使用 tensorflow2/keras 对 imdb 数据集进行训练给出了奇怪的结果
training on imdb dataset with tensorflow2/keras give strange result
我是 tensorflow2/keras 的新手。我在 tensorflow 网站上关注这个 tutorial。我没有将文本数据下载到目录,而是使用 tensorflow_datasets
将 imdb 数据集直接加载到 tensors/numpy 数组。下面是我的代码。
import os
import re
import string
import pandas as pd
import numpy as np
import tensorflow as tf
import tensorflow_hub as hub
import tensorflow_datasets as tfds
import matplotlib.pyplot as plt
from tensorflow.keras import layers
from tensorflow.keras.layers.experimental.preprocessing import TextVectorization
print("Version: ", tf.__version__)
print("Eager mode: ", tf.executing_eagerly())
print("Hub version: ", hub.__version__)
print("GPU is", "available" if tf.config.list_physical_devices('GPU') else "NOT AVAILABLE")
train_data, test_data = tfds.load(name="imdb_reviews", split=["train", "test"],
batch_size=-1, as_supervised=True)
X_train, y_train = tfds.as_numpy(train_data)
X_test, y_test = tfds.as_numpy(test_data)
# process text
def custom_standardization(input_data):
lowercase = tf.strings.lower(input_data)
stripped_html = tf.strings.regex_replace(lowercase, '<br />', ' ')

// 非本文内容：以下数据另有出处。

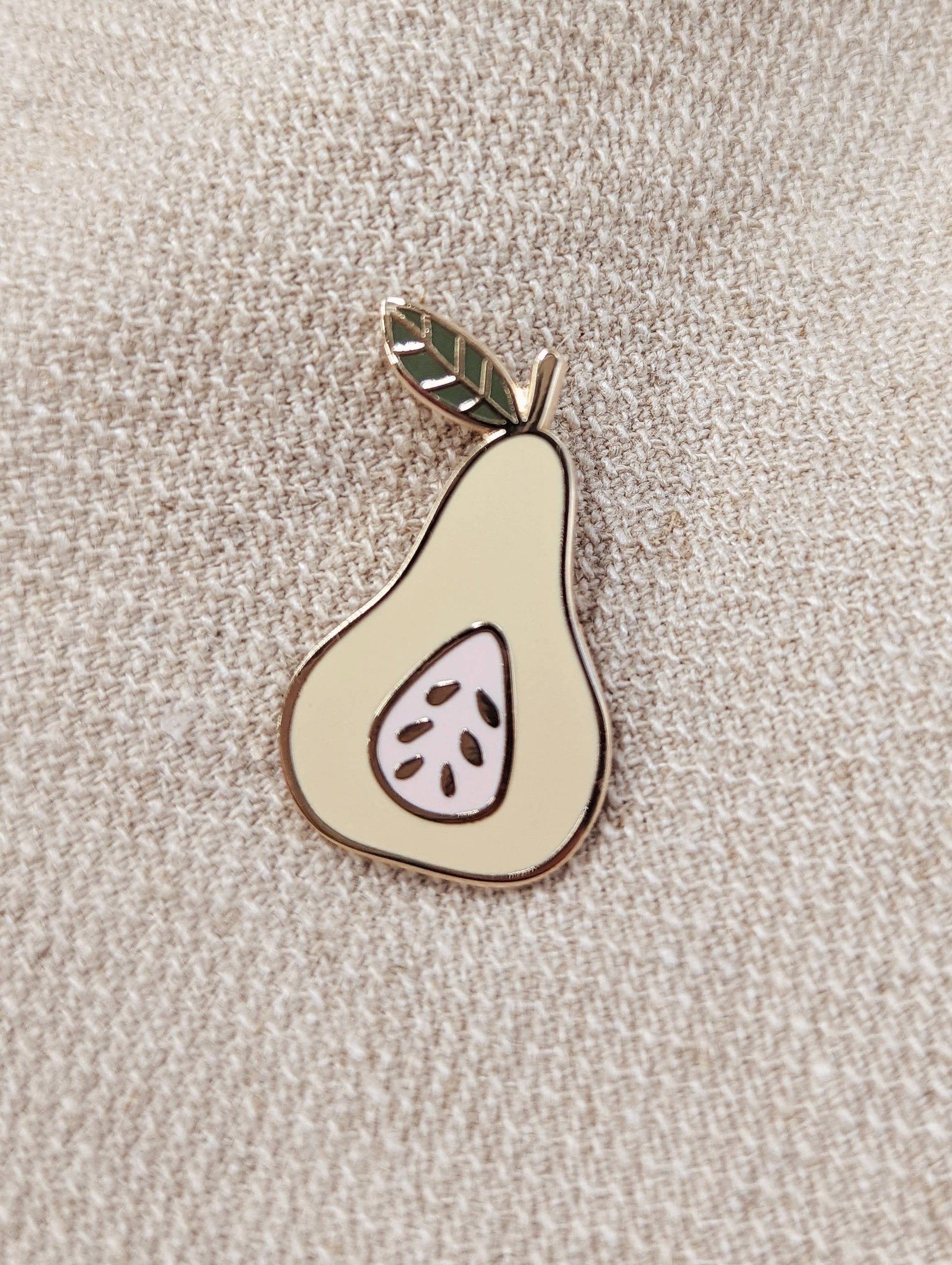 A sweet pear pin. Size: 25mm Gold tone brass Enamel pin Designed in Montreal, Canada

return tf.strings.regex_replace(stripped_html,
'[%s]' % re.escape(string.punctuation),
'')
max_features = 1000
sequence_length = 50
vectorize_layer = TextVectorization(
standardize=custom_standardization,
max_tokens=max_features,
output_mode='int',
output_sequence_length=sequence_length)
# Make a text-only dataset (without labels), then call adapt
vectorize_layer.adapt(X_train)
def vectorize_text(text):
text = tf.expand_dims(text, -1)
return vectorize_layer(text)
#check data
first_review, first_label = X_train[0], y_train[0]

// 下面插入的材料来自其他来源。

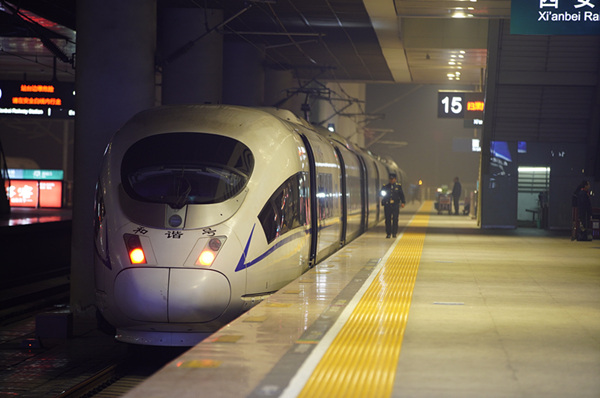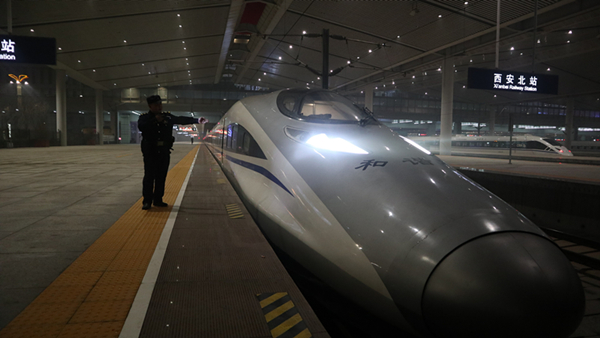 凌晨G4856次列車即將從西安北站出發(fā)(尤艇 攝 中鐵西安局供圖)

print("Review", first_review)
print("Vectorized review", vectorize_text(first_review))
print("11 ---> ",vectorize_layer.get_vocabulary()[11])
print(" 44 ---> ",vectorize_layer.get_vocabulary()[44])
print('Vocabulary size: {}'.format(len(vectorize_layer.get_vocabulary())))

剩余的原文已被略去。